Queer Themes and Neoliberalism in the BBC’s Torchwood
“Entertaining, engaging stories become popular. They become narratives that shape our cultures…embedded in our daily existence…they become our lived reality”
– Robin Wright [1]
– Robin Wright [1]
This essay is an exploration of the UK-based television series Torchwood and its unique productions of cultural knowledge. The central questions of that exploration are: first, how does this show queer science fiction television/the crime procedural, and second, what does that queering produce? In short, I argue that by utilizing familiar genre tropes (such as the “conflicted hero” and “good versus evil” story lines) Torchwood performs a televisual disidentificatory practice, deploying the familiar in unfamiliar ways and queering an otherwise normative masculine hero (Captain Jack Harkness). By comforting us with these familiar tropes Torchwood is able to infiltrate our minds with queer ideas about partnership, sex and, importantly the nature of the world around us. As a useful and productive juxtaposition to illuminate how these ideas work in practice, I demonstrate how Torchwood is effectively the anti-24 (24 being an immensely popular and in some ways thematically similar drama from the United States); using similar tropes and themes to dramatically different outcomes.
My methodology is one of bridging cultural studies and feminist, queer and critical race theory in an examination of one particular contemporary popular culture item so as to deconstruct and analyze the various messages and ideas propagated by it. Primarily, I utilize Jose Muñoz’ theory of disidentification as the foundation for my argument. While Muñoz conceptualized his theory with live performance art in mind, the idea of inhabiting as well as contesting an image thereby producing a different and new image or concept can, in my view, be applied easily to almost any visual medium. In addition, this theory is instructive and useful to my project because “disidentification is not an apolitical middle ground,” in fact, “its political agenda is clearly indebted to antiassimilationist thought,” although “it departs from antiassimilationist rhetoric for reasons that are both strategic and methodological” (Muñoz 18) . The distinctions Muñoz makes clear here are important to my own argument, which suggests that in embodying common tropes Torchwood is able to create new knowledges through a queer deployment of those tropes. Just as its plots deploy the uncanny to frighten or discomfort its viewership (Rawcliffe 102) , so too its “queer moments” disturb the waters of the desired sexual dichotomy (Sullivan 191) .

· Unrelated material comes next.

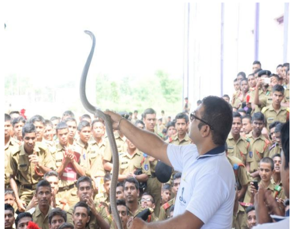
AWARENESS PROGRAM DURING THE CAMP

I choose this path of argument because it seems to me that it is in the uncomfortable borderlands of the cultural productions these disciplines study where knowledge is being produced in the television viewership every week. In undertaking this particular work, I take seriously Nikki Sullivan’s assertion that “queering popular culture…involves critically engaging with cultural artefacts in order to explore the ways in which meaning and identity is (inter)textually (re)produced” (190). I understand both the queer themes of Torchwood and my current explorations of themes, both explicitly queer and not, as operating within this ideological construction of “queering popular culture.” I choose to engage in this project, centered around a popular culture (and for much of its life, subcultural) text, because of a personal and observed belief in the power of stories in shaping the world we live in.
Indeed, the power of fictional stories in the development of people’s beliefs is shared by Robin Wright, documents in her work the ways in which adult education teachers have been able to use fiction to challenge hegemonic cultural perspectives, as well as the way the television we watch aids in perpetuating hegemonic political discourse (Wright) . This belief is also reinforced by scientific research, for example, one such study “concluded that the use of fiction…to introduce a socio-scientific issue in the classroom stimulates students to develop their opinion-forming skills” (Knippelsab, Severiensa and Klopa) . Although this is hardly an exhaustive list in corroboration of my previously articulated assertion, these texts combined with the way in which we use stories and folk tales in the education of children and in everyday relations with each other suggest to a satisfactory extent the marked significance of stories. Thus, my stakes in this work is high, as like Wright, I see in the stories we tell the potential for authoring and disseminating “alternative scripts for human interactions the promote liberty, equality, intellectual growth and community” (Wright 50).